Used in Research and Development:
In the field of scientific research, 1-(2,3-dihydro-1,4-benzodioxin-5-yl)-4-[2-(2,3-dihydro-1H-inden-1-yl)ethyl]piperazine serves as a valuable tool for investigating the role of the 5-HT6 receptor in various physiological and pathological processes. Understanding its specific interactions and mechanisms of action can lead to the development of novel therapeutic strategies targeting this receptor.
Used in Drug Design and Development:
The unique properties of 1-(2,3-dihydro-1,4-benzodioxin-5-yl)-4-[2-(2,3-dihydro-1H-inden-1-yl)ethyl]piperazine make it a promising starting point for the design and development of new drugs targeting the 5-HT6 receptor. Its complex chemical structure can be further modified and optimized to enhance its therapeutic potential and selectivity, leading to the creation of more effective treatments for neurological and psychiatric disorders.
Check Digit Verification of cas no
The CAS Registry Mumber 153607-45-5 includes 9 digits separated into 3 groups by hyphens.
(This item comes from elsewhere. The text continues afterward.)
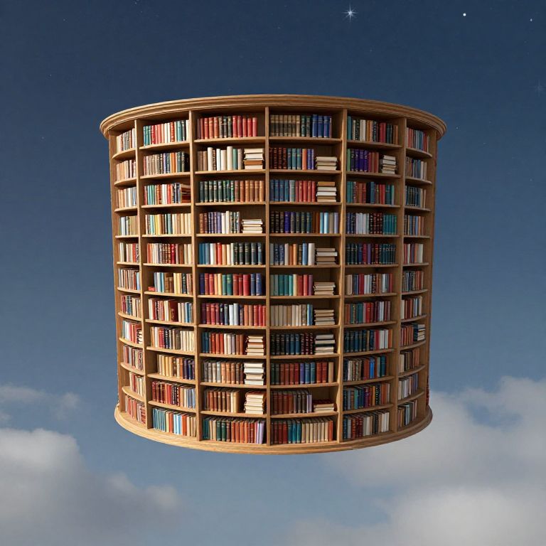 A floating library of boundless books drifts lazily across a sky where stars whisper forgotten languages into the wind.
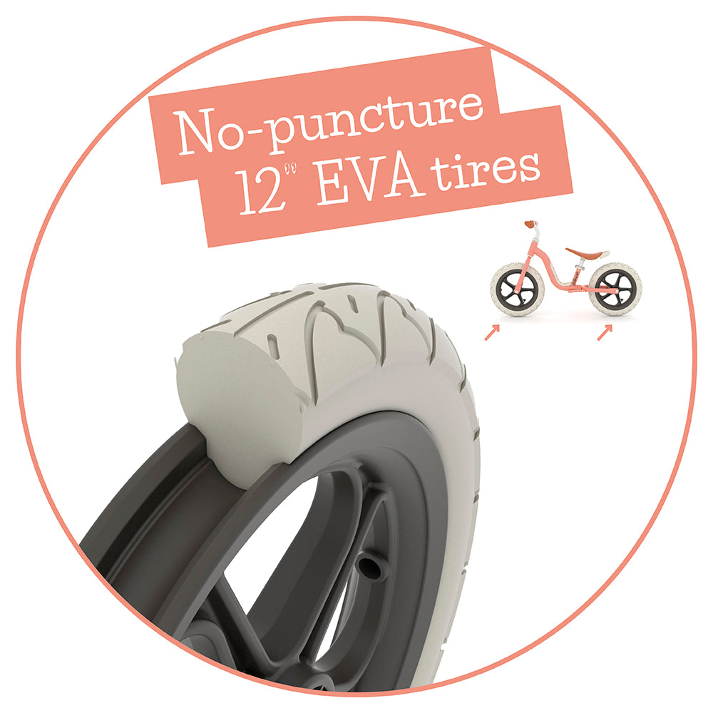 Непробивните 12-инчови гуми от EVA пяна освен сигурни са и изключително удобни: няма нужда от помпане = няма риск от спукване и смяна. От сега нататък само забавление!

The first part of the number,starting from the left, has 6 digits, 1,5,3,6,0 and 7 respectively; the second part has 2 digits, 4 and 5 respectively.
Calculate Digit Verification of CAS Registry Number 153607-45:
(8*1)+(7*5)+(6*3)+(5*6)+(4*0)+(3*7)+(2*4)+(1*5)=125
125 % 10 = 5
So 153607-45-5 is a valid CAS Registry Number.
153607-45-5Relevant articles and documents
Characterization of potent and selective antagonists at postsynaptic 5- HT(1A) receptors in a series of N4-substituted arylpiperazines
Peglion,Canton,Bervoets,Audinot,Brocco,Gobert,Le Marouille-Girardon,Millan
, p. 4044 - 4055 (2007/10/03)
Benzocycloalkyl and benzocycloalkenyl moities linked, directly or via an alkyl chain, to oxygen-bearing heteroarylpiperazines were synthesized, in an attempt to obtain potent and selective antagonists at postsynaptic 5-HT(1A) receptors. From the numerous arylpiperazines described in the literature, 1- (2,3-dihydro-1,4-benzodioxin-5-yl)piperazine (3a) was chosen as a model of an arylpiperazine in view of its selectivity for 5-HT(1A) receptors versus α1- , α2-, and β-adrenergic receptors, as well as dopamine D1 and D2 receptors. Two other closely-related arylpiperazines, 1-(1,5-benzodioxepin- 6-yl)piperazine (3b) and 1-(benzofuran-7-yl)piperazine (3c), were also examined in this study. All compounds showed high affinity at 5-HT(1A) sites (8.10 ≤ pK(i)s ≤ 9.35), and the majority behaved as antagonists in viva in blocking the hypothermia induced by the 5-HT(1A) agonist 8-OH-DPAT in the absence of a marked effect alone at equivalent doses. An in vivo evaluation of dopamine D2 receptor antagonist properties revealed that the majority of compounds was devoid of activity at this site, in marked contrast to BMY 7378 which displayed virtually no selectivity far 5-HT(1A) versus dopamine D2 receptors. Moreover, six compounds of the present series, 8, 10, 11, 14, 25, and, 37, showed > 10-fold selectivity in vitro for 5-HT(1A) versus α1- adrenergic receptors. Compound 14 displayed an optimal compromise between potency (pK(i) = 8.75), marked antagonist activity, and selectivity toward α1-adrenergic (81-fold) and dopamine D2 (195-fold) receptors. These characteristics clearly distinguish 14 from previously-reported ligands such as the postsynaptic 5-HT(1A) antagonist BMY 7378 and the weak partial agonist NAN 190 which, in contrast to the compounds of this series, belong to the well-exemplified class of imido derivatives of (o-methoxyphenyl)piperazines. The availability of 14 (S 15535) should facilitate the further elucidation of the functional role and potential therapeutic significance of 5-HT(1A) receptors.